Memoria di domani, il mio Baccalà alla pertecaregna

Memoria di domani è il contest di ISM dedicato alla reinterpretazione in chiave moderna dei classici della cucina irpina. Il contest rivolto ai Food Blogger anticipa il tema di ISM ed i contributi dei 40 chef che interverranno con le loro interpretazioni. Baccalà alla Pertecaregna, Soffritto Irpino, Cicci di S. Lucia, Spaghetti all’avellinese e Cauzunciedd.

Io ho scelto il Baccalà alla Pertecaregna, che ho reinterpretato ispirandomi ad un piatto di Peppe Guida assaggiato per la prima volta tre anni fa e che da allora resta tra i miei preferiti… che lo chef mi perdoni!

Queste, le modifiche fondamentali apportate alla ricetta classica. 

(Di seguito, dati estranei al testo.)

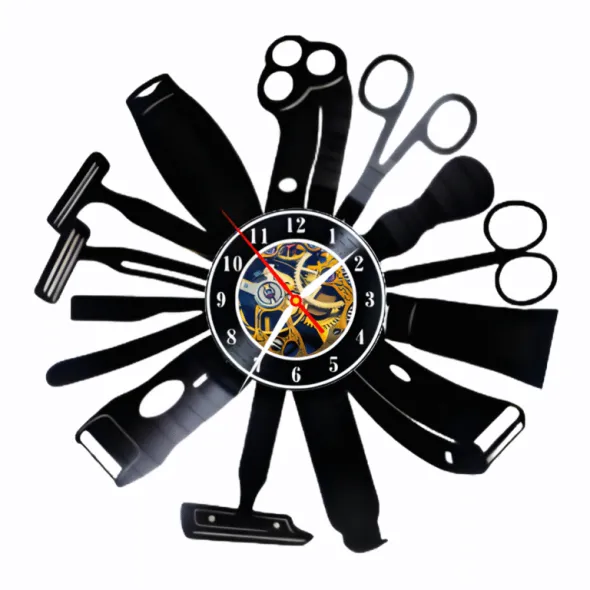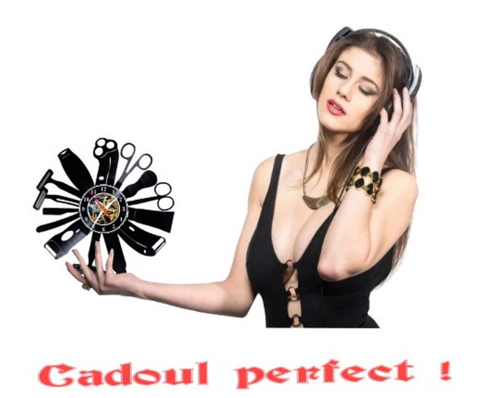 Descriere ironic-coafantă: Ceas de perete care arată clar două lucruri: ora exactă și că pe peretele ăsta a trecut un frizer cu stil. Plin de instrumente de coafat – foarfeci, piepteni, lame, spray, foehn – toate aranjate în cerc ca un ritual secret al tunsorii perfecte. În mijloc: rotițe care nu tund nimic, dar ticăie cu atitudine.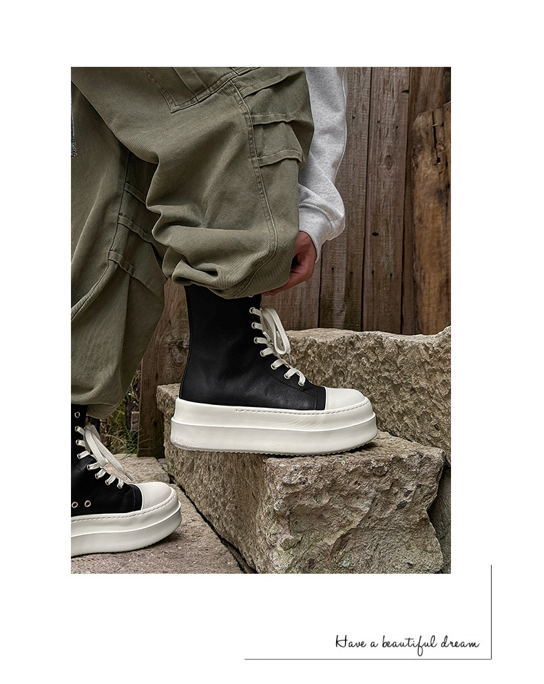 남성과 여성을위한 다크 시리즈 두꺼운 밑창 높이 증가 보드 신발 2024 새로운 높이 증가 운동화 증가하는 캐주얼 하이탑 신발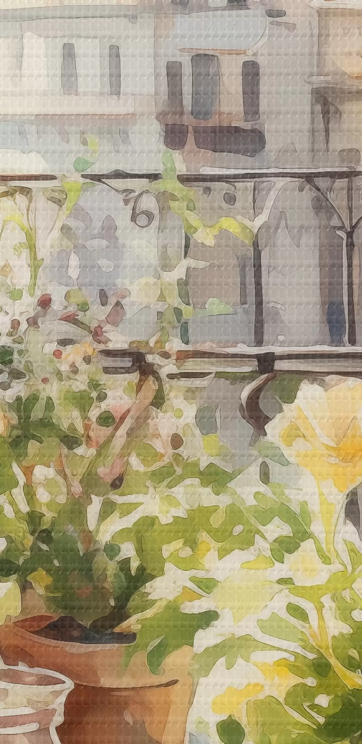 Paveikslas Romantiška vakarienė su vaizdu į miestą, akvarelė, gėlės Nr s41168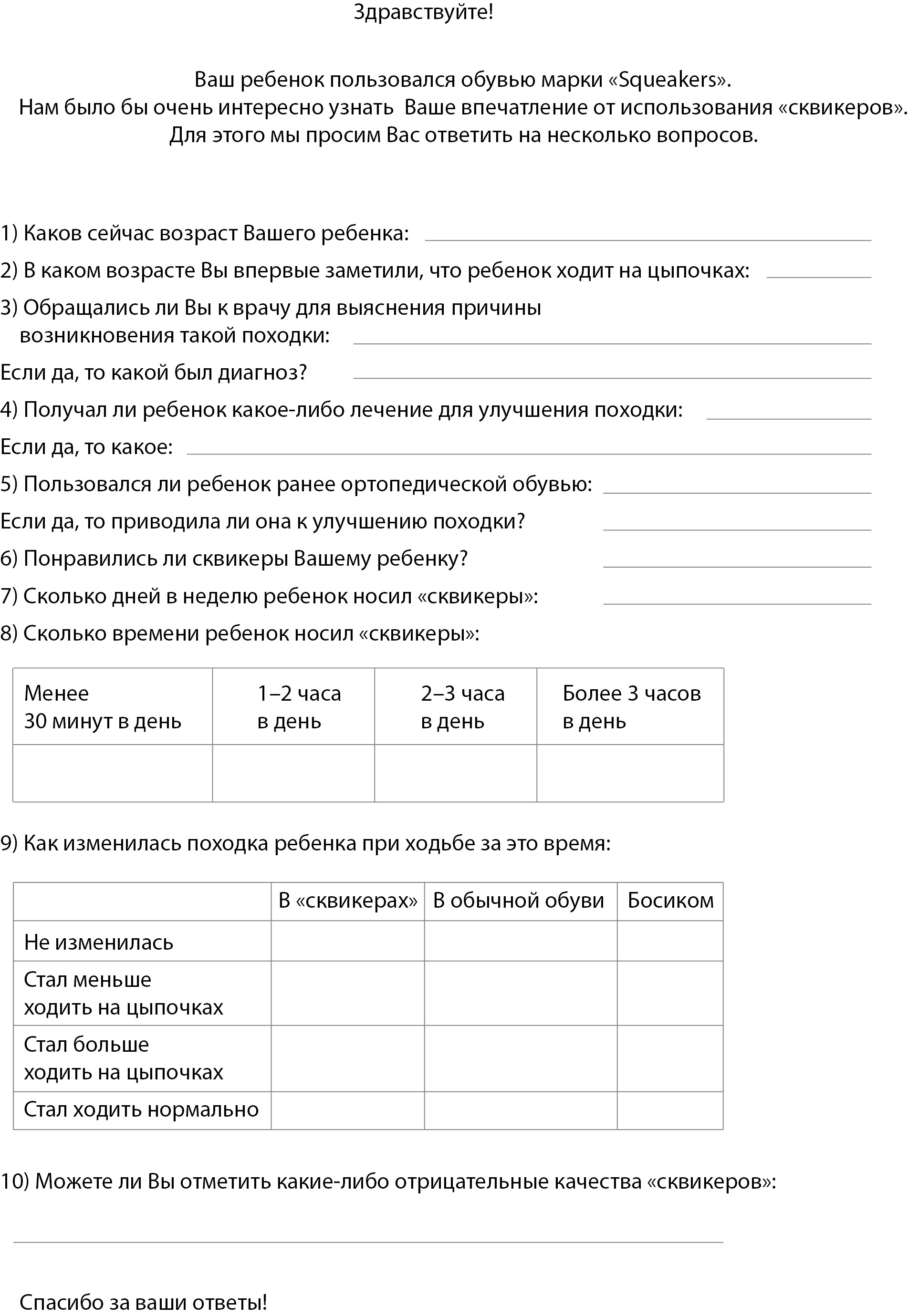 Вопросы, на которые отвечали родители, касались времени появления ИХЦ («В каком возрасте Вы впервые заметили, что ребенок ходит на цыпочках?»), результатов посещения врача в связи с этим («Обращались ли Вы к врачу для выяснения причины возникновения такой походки; если да, то какой был диагноз?»). Также родителей просили охарактеризовать предшествовавшие попытки лечения («Получал ли ребенок какое-либо лечение для улучшения походки; если «Да», то какое?», «Пользовался ли ребенок ранее ортопедической обувью; если «Да», то приводила ли она к улучшению походки?»). Также оценивалось общее впечатление от обуви («Понравились ли «сквикеры» Вашему ребенку?», «Можете ли Вы отметить какие-либо отрицательные качества «сквикеров»?»). Родителей просили уточнить, сколько дней в неделю и сколько времени в день ребенок носил «сквикеры», а также как изменилась походка ребенка при ходьбе за это время при ходьбе в «сквикерах», в обычной обуви и босиком.

Innanzitutto, non ho bollito il baccalà: la bollitura classica non trovo infatti che sia adatta al pesce, rischia di rovinarlo rendendolo secco e fibroso. Preferisco la cottura passiva: porto cioè il liquido di cottura – in questo caso, un brodo vegetale – ad alta temperatura. Poi vi immergo il baccalà e spengo. Il pesce cuocerà perfettamente, al punto giusto  e senza alcun danno alla sua consistenza.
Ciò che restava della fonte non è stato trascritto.